Sister Raymond, who is retired at the Motherhouse, said she recalled Sister Beth as “always a good student, who was always willing to be part of anything we had scheduled.”

It was a recent kindness Sister Beth showed her that was most present on Sister Raymond’s mind. Both of them participated in a sister’s retreat at the Mount in July, but with Sister Raymond in a wheelchair, getting around campus can be an issue.

“She made sure I was transported from my room to the Retreat Center every day, and she saw to my every need during the retreat,” Sister Raymond said. “I don’t know what I would have done without her. She doesn’t make a big show of what she does, but she makes sure the needs are met.”

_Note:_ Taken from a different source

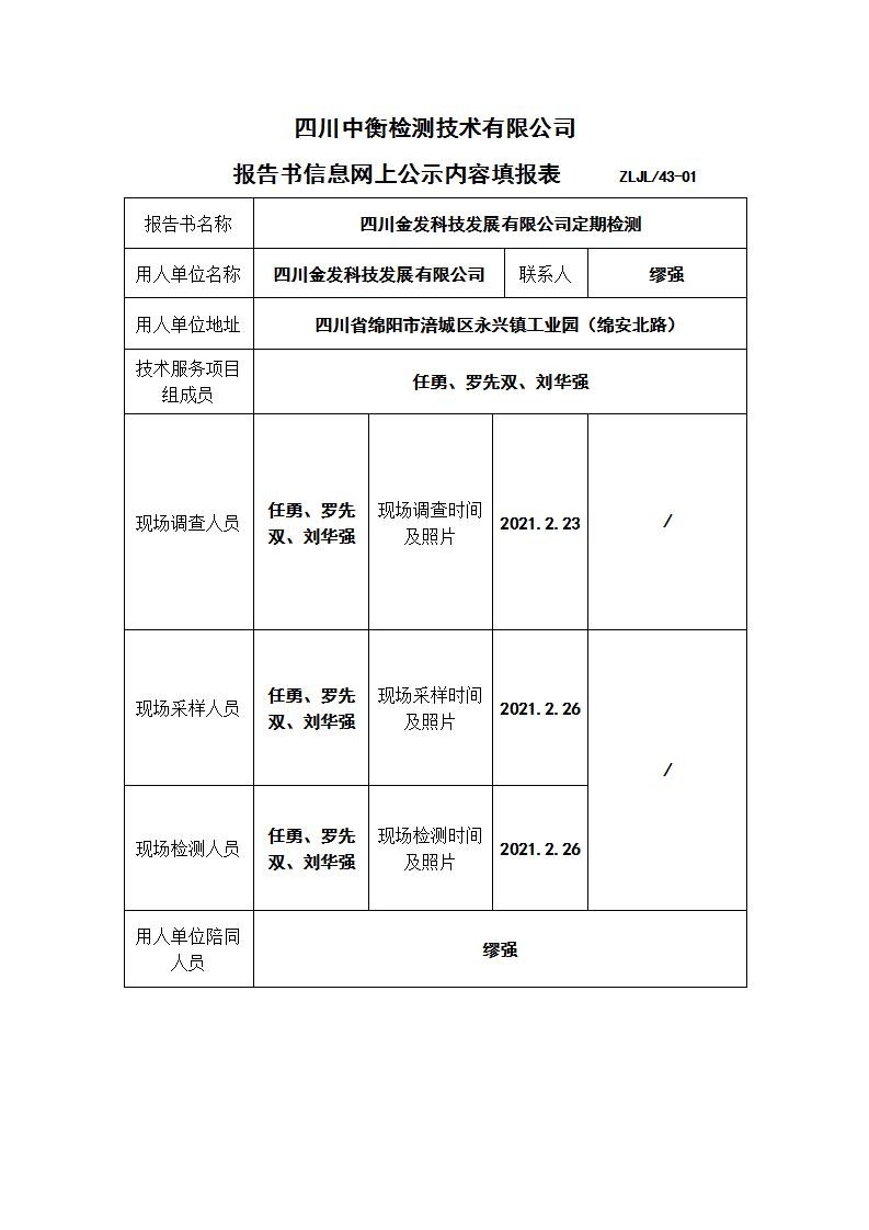 四川金發(fā)科技發(fā)展有限公司職業(yè)病危害定期檢測(cè)

Sister Beth went back to Greeley for her senior year, and earned enough credits to complete her studies by December. Since she couldn’t graduate until spring, she got a job at the Lakemary Center, a home for developmentally disabled people begun by the Ursulines at Paola. “I was an aide for two hours and provided after school care and in the dorms,” she said. “I learned I didn’t have as much patience as I thought. I had a group of four kids with severe disabilities who wouldn’t interact with others.”

She’d earned a scholarship to St. Mary’s College, an all-female school in Leavenworth, Kan., that is run by the Sisters of Charity. After a year there, she decided she wanted to attend Kansas State University in Manhattan, Kan., where her brother went. Her parents and some of her younger siblings were living in Colorado, where her dad transferred for work.

While thoughts of entering religious life were still with her, she knew the time was not right. “I knew I needed a little more life. I was going to college before I entered, and date some more,” she said. “I wanted to be sure I wasn’t entering because I couldn’t get dates.”

She needed to work to pay for college, so she got a job as a hostess in Kansas City, Mo. A few months later, she took a job with her friend Ann in a Ramada in Kansas City, Kan., working there from August to January. The manager of the private club at the hotel was Edward McDaniel “Mac” Akins.

“He was living in the hotel,” Sister Beth said. “I had a split shift during the day, we started spending time together, and eventually we went out.”